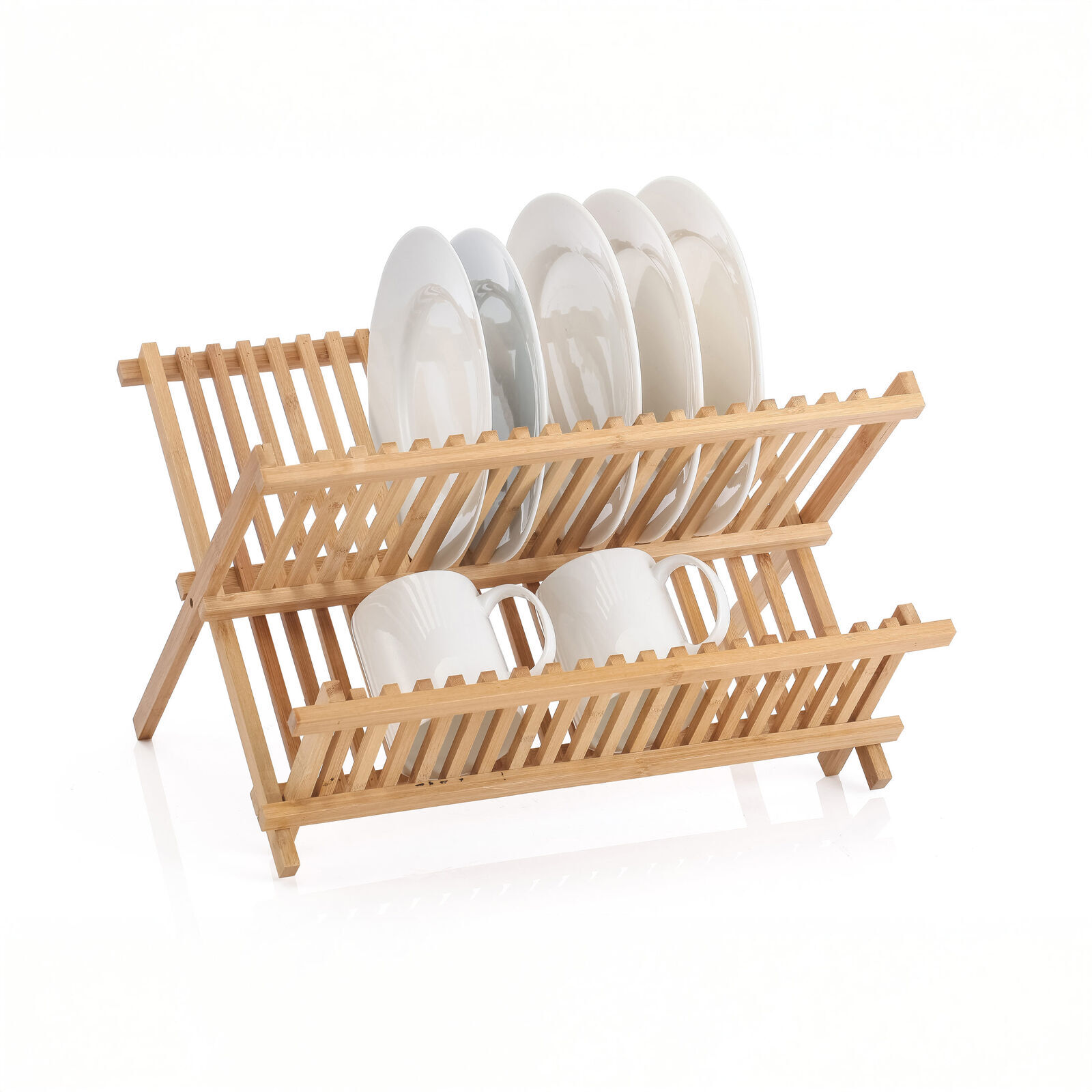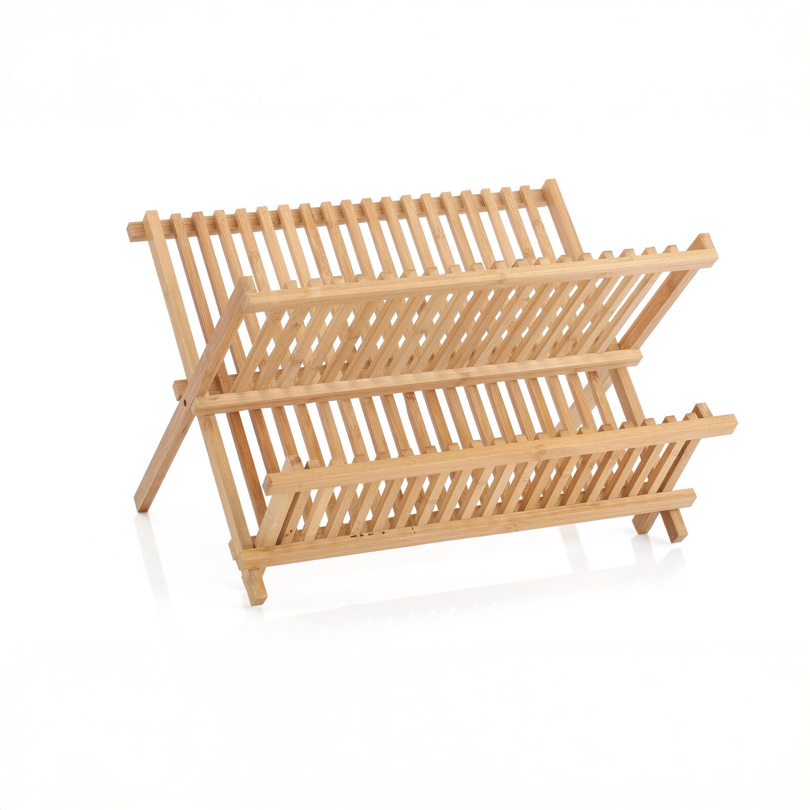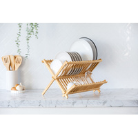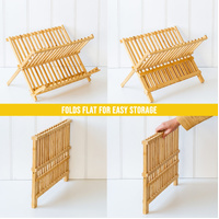 Keep your kitchen neatwith this foldable bamboo dish rack. Its sturdy X-shape design holds plates, bowls, and cups securely, while the natural bamboo adds a stylish touch. Lightweight and space-saving, it folds flat for easy storage when not in use.
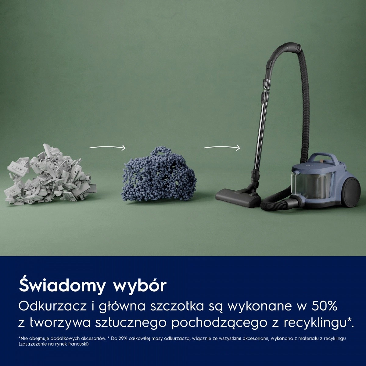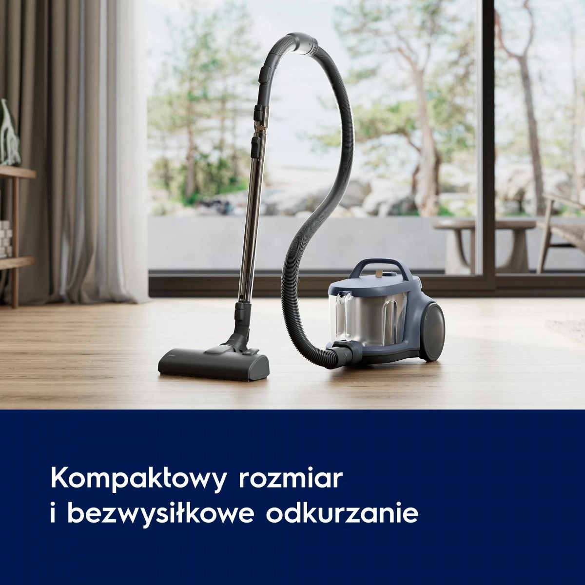 Carcasa compactă, roțile mari și raza de acțiune de 9 m facilitează manevrarea și depozitarea. Sistemul de filtrare HEPA reține până la 99,95% din particulele de 0,3 μm, astfel încât aerul din locuință va fi mai curat.
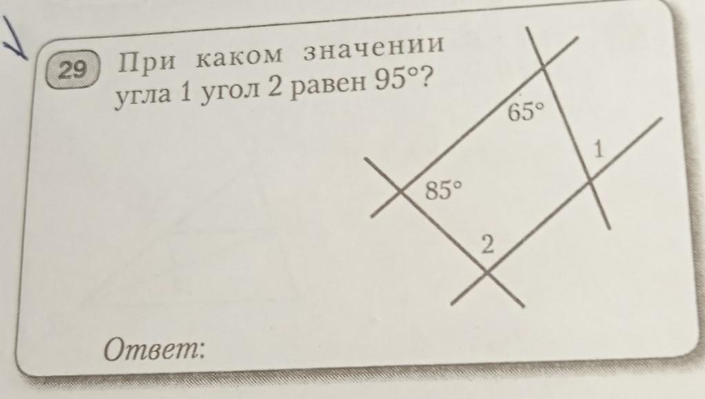 Ответ: Угол 1 равен 65°, тогда угол 2 равен 95°

= = = = =

• _Problem statement_: From the first line to the last, write out the data above exactly. Omit the pictures.

• _Task answer_:
 Keep your kitchen neatwith this foldable bamboo dish rack. Its sturdy X-shape design holds plates, bowls, and cups securely, while the natural bamboo adds a stylish touch. Lightweight and space-saving, it folds flat for easy storage when not in use.
 Carcasa compactă, roțile mari și raza de acțiune de 9 m facilitează manevrarea și depozitarea. Sistemul de filtrare HEPA reține până la 99,95% din particulele de 0,3 μm, astfel încât aerul din locuință va fi mai curat.
 Ответ: Угол 1 равен 65°, тогда угол 2 равен 95°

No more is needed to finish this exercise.